> _GOAL OF THE EXERCISE_: Extract the full listing verbatim and drop any pictures from your copy.

> _EXTRACTED RECORDS_:
========================

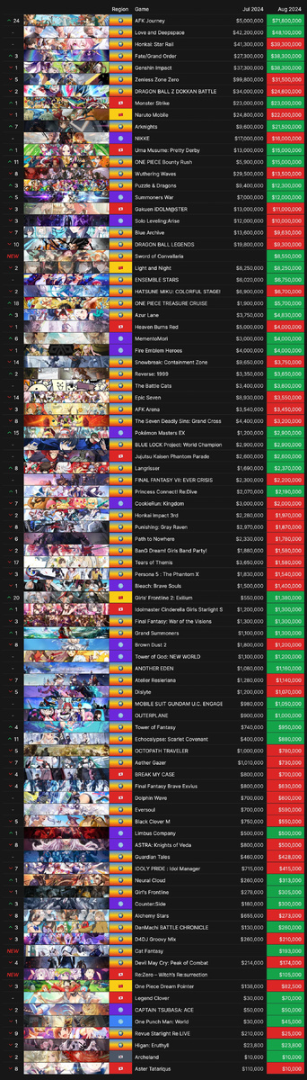 Ежемесячная статистика доходов гач на этот раз полна сюрпризов. Удивительным образом выстрелила AFK Journey. Да, в августе состоялся релиз игры в Японии, но чтобы он сразу принес СТОЛЬКО денег, подняв игру с 24 строчки на первую, — очень удивительно. Игры miHoYo продолжают терять доходы. И если в случае с “Геншином” в прошлом месяце была небольшая прибыль, “Хонкай” в августе "немного" потерял (речь о паре миллионов баксов, если что), но все равно располагается выше старшей сестры. А вот падение доходов Zenless Zone Zero сразу в три раза — это еще один повод удивляться. WuWa также продолжает терять доход, опустившись еще на 8 строчек по сравнению с прошлым месяцем. Симпатичная новинка августа, пиксельный тактикс Sword of Convallaria, стартовала на 25 позиции, заработав 8,5 миллиона долларов. Но мы напомним, что эта игра год назад вышла в Китае, а в прошлом месяце были глобальный релиз.
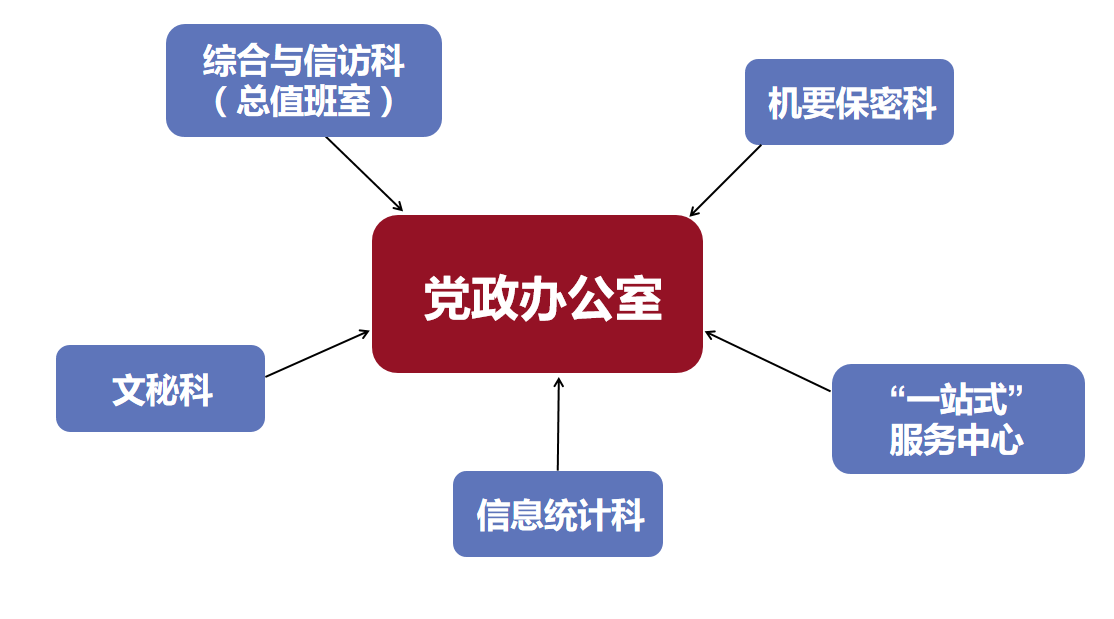 党政办现设有综合与信访科(总值班室)、文秘科、信息统计科、机要保密科,“一站式”服务中心。
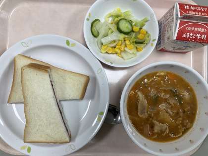 本日の献立 ジャムサンド(ブルーベリー) 牛乳 ハンガリアンシチュー
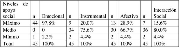 En este grupo de pacientes en tratamiento de hemodiálisis, el valor correspondiente al nivel máximo de apoyo emocional agrupó a 44 de los 45, fue esta la dimensión considerada más importante por su relación con el cariño y empatía de que dispuso el paciente en su entorno para adaptarse a su enfermedad (Alonso, Menéndez y González 2013).
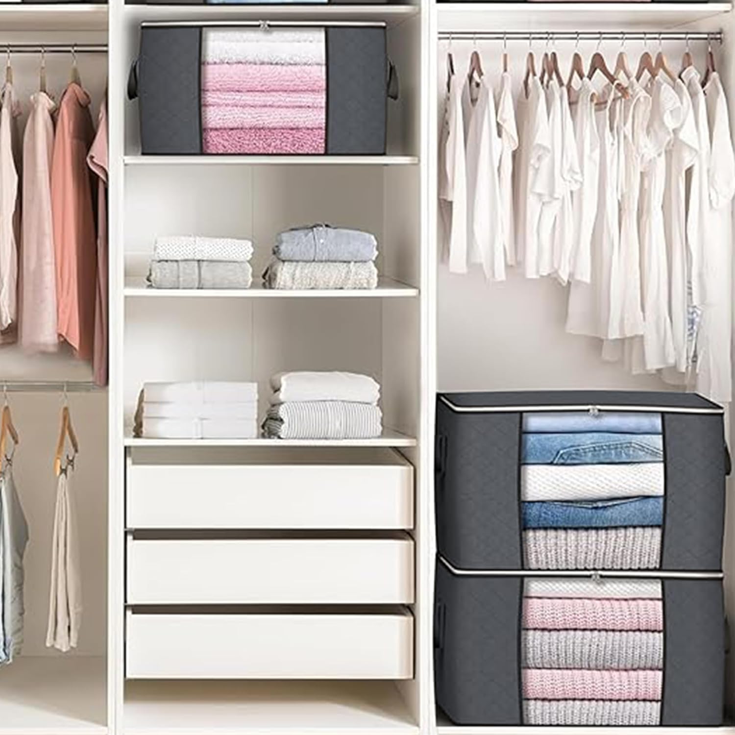 Very easy to fill and see inside the bags but there is no support on the sides and they will collapse if stacked on top of each other when not filled fully inside each bag.Clothes Storage Bags, 6 Pack 90L Large Capacity with Reinforced Handles, Thick Non-Woven Fabric Storage Bags, Organizer For Clothes, Blankets, Bedding With Zip And Clear Window Gray ColorArrived in a plain cardboard box with the storage bags further sealed in a vacuum sealed bag. The storage bags are folded very small and when opened up, are nearly the same size as a medium suitcase and have handles on either side as shown in the attached photos.Loading the storage bags is easy to do as the lid is zippered around 3 sides so that the lid can be folded fully open to allow access to all sides of the storage bag. This also helps load the storage bags with towels or dresses that they can be placed inside flat and not just bundled in.The window in the side allows easy viewing of the contents within the side or can be used to hold a label if multiple items are loaded into the storage bag.I would note a big caution on the bags as I could not get them to stack as shown in the adverts as there is no support in the side panels or at the corners. These storage bags are material only with no support ribs to allow stacking. The stacking requires the contents in the storage bags to be filled to the corners and fully from top to bottom. As shown in the attached photos, the storage bags will collapse at the corners without anything loaded on top therefore these are not as stackable as advertised.If these are in your search then I would say a note of caution that they are not as stackable as advertised and will not stay square in shape as advertised. I can however say they are very good storage bags and will store holiday clothes with ease and provide a good viewing window on the side to say what is in each bag.
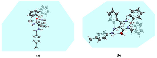 Oxazaborine 6a, which was previously prepared from 3-aminobut-2-ennitrile as the starting compound, was characterized in our previous publication [30]. Unlike our earlier publication, the prepared single crystal 6a was now measured at room temperature. The structure obtained is identical, and the newly estimated values are given in Table S5. The new parameters slightly differ from those previously published due to the measurement temperature, and the resulting statistics are slightly better. Unlike other prepared single crystals at this work, only oxazaborine 6a needs two molecules to form an asymmetric unit (see Figure 12b or Figure S132). In addition, in the case of this substance, three conjugated double bonds lie in the plane. They are N3N4, C1C2, and C3N2. In this case, the boron atoms are completely deflected out of these planes, and the N–B–O angles are 103.69° and 104.13°. Sizes of such angles are not common but are described in the literature.
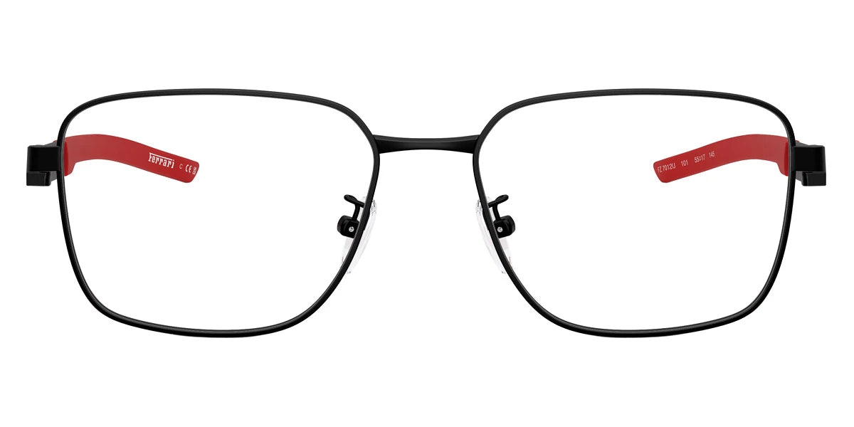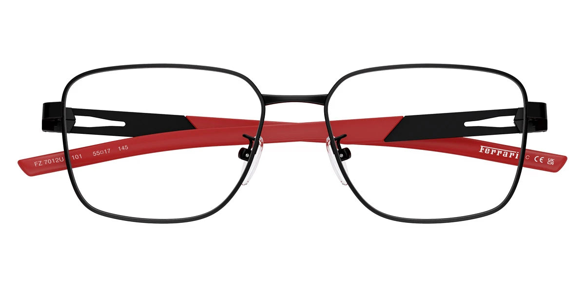 Matte Black/Red Matte (101) Eyeglasses (FZ7012D 101 53) by SCUDERIA™. Size: 53-17-145, Shape: Square, Material: Metal.
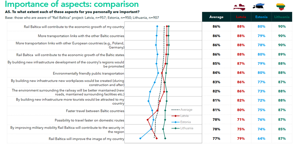 The survey identified several aspects of the Rail Baltica project deemed particularly important by Baltic inhabitants. These include the contribution to economic growth at both national and regional levels, the enhancement of transportation links within the Baltic states and with other European countries, and the promotion of environmentally friendly public transportation. The importance of these aspects varied slightly among respondents in each country, reflecting different priorities and perspectives.

========================

> _ANSWER TO THIS PROBLEM_:
 Ежемесячная статистика доходов гач на этот раз полна сюрпризов. Удивительным образом выстрелила AFK Journey. Да, в августе состоялся релиз игры в Японии, но чтобы он сразу принес СТОЛЬКО денег, подняв игру с 24 строчки на первую, — очень удивительно. Игры miHoYo продолжают терять доходы. И если в случае с “Геншином” в прошлом месяце была небольшая прибыль, “Хонкай” в августе "немного" потерял (речь о паре миллионов баксов, если что), но все равно располагается выше старшей сестры. А вот падение доходов Zenless Zone Zero сразу в три раза — это еще один повод удивляться. WuWa также продолжает терять доход, опустившись еще на 8 строчек по сравнению с прошлым месяцем. Симпатичная новинка августа, пиксельный тактикс Sword of Convallaria, стартовала на 25 позиции, заработав 8,5 миллиона долларов. Но мы напомним, что эта игра год назад вышла в Китае, а в прошлом месяце были глобальный релиз.
 党政办现设有综合与信访科(总值班室)、文秘科、信息统计科、机要保密科,“一站式”服务中心。
 本日の献立 ジャムサンド(ブルーベリー) 牛乳 ハンガリアンシチュー
 En este grupo de pacientes en tratamiento de hemodiálisis, el valor correspondiente al nivel máximo de apoyo emocional agrupó a 44 de los 45, fue esta la dimensión considerada más importante por su relación con el cariño y empatía de que dispuso el paciente en su entorno para adaptarse a su enfermedad (Alonso, Menéndez y González 2013).
 Very easy to fill and see inside the bags but there is no support on the sides and they will collapse if stacked on top of each other when not filled fully inside each bag.Clothes Storage Bags, 6 Pack 90L Large Capacity with Reinforced Handles, Thick Non-Woven Fabric Storage Bags, Organizer For Clothes, Blankets, Bedding With Zip And Clear Window Gray ColorArrived in a plain cardboard box with the storage bags further sealed in a vacuum sealed bag. The storage bags are folded very small and when opened up, are nearly the same size as a medium suitcase and have handles on either side as shown in the attached photos.Loading the storage bags is easy to do as the lid is zippered around 3 sides so that the lid can be folded fully open to allow access to all sides of the storage bag. This also helps load the storage bags with towels or dresses that they can be placed inside flat and not just bundled in.The window in the side allows easy viewing of the contents within the side or can be used to hold a label if multiple items are loaded into the storage bag.I would note a big caution on the bags as I could not get them to stack as shown in the adverts as there is no support in the side panels or at the corners. These storage bags are material only with no support ribs to allow stacking. The stacking requires the contents in the storage bags to be filled to the corners and fully from top to bottom. As shown in the attached photos, the storage bags will collapse at the corners without anything loaded on top therefore these are not as stackable as advertised.If these are in your search then I would say a note of caution that they are not as stackable as advertised and will not stay square in shape as advertised. I can however say they are very good storage bags and will store holiday clothes with ease and provide a good viewing window on the side to say what is in each bag.
 Oxazaborine 6a, which was previously prepared from 3-aminobut-2-ennitrile as the starting compound, was characterized in our previous publication [30]. Unlike our earlier publication, the prepared single crystal 6a was now measured at room temperature. The structure obtained is identical, and the newly estimated values are given in Table S5. The new parameters slightly differ from those previously published due to the measurement temperature, and the resulting statistics are slightly better. Unlike other prepared single crystals at this work, only oxazaborine 6a needs two molecules to form an asymmetric unit (see Figure 12b or Figure S132). In addition, in the case of this substance, three conjugated double bonds lie in the plane. They are N3N4, C1C2, and C3N2. In this case, the boron atoms are completely deflected out of these planes, and the N–B–O angles are 103.69° and 104.13°. Sizes of such angles are not common but are described in the literature.
 Matte Black/Red Matte (101) Eyeglasses (FZ7012D 101 53) by SCUDERIA™. Size: 53-17-145, Shape: Square, Material: Metal.
 The survey identified several aspects of the Rail Baltica project deemed particularly important by Baltic inhabitants. These include the contribution to economic growth at both national and regional levels, the enhancement of transportation links within the Baltic states and with other European countries, and the promotion of environmentally friendly public transportation. The importance of these aspects varied slightly among respondents in each country, reflecting different priorities and perspectives.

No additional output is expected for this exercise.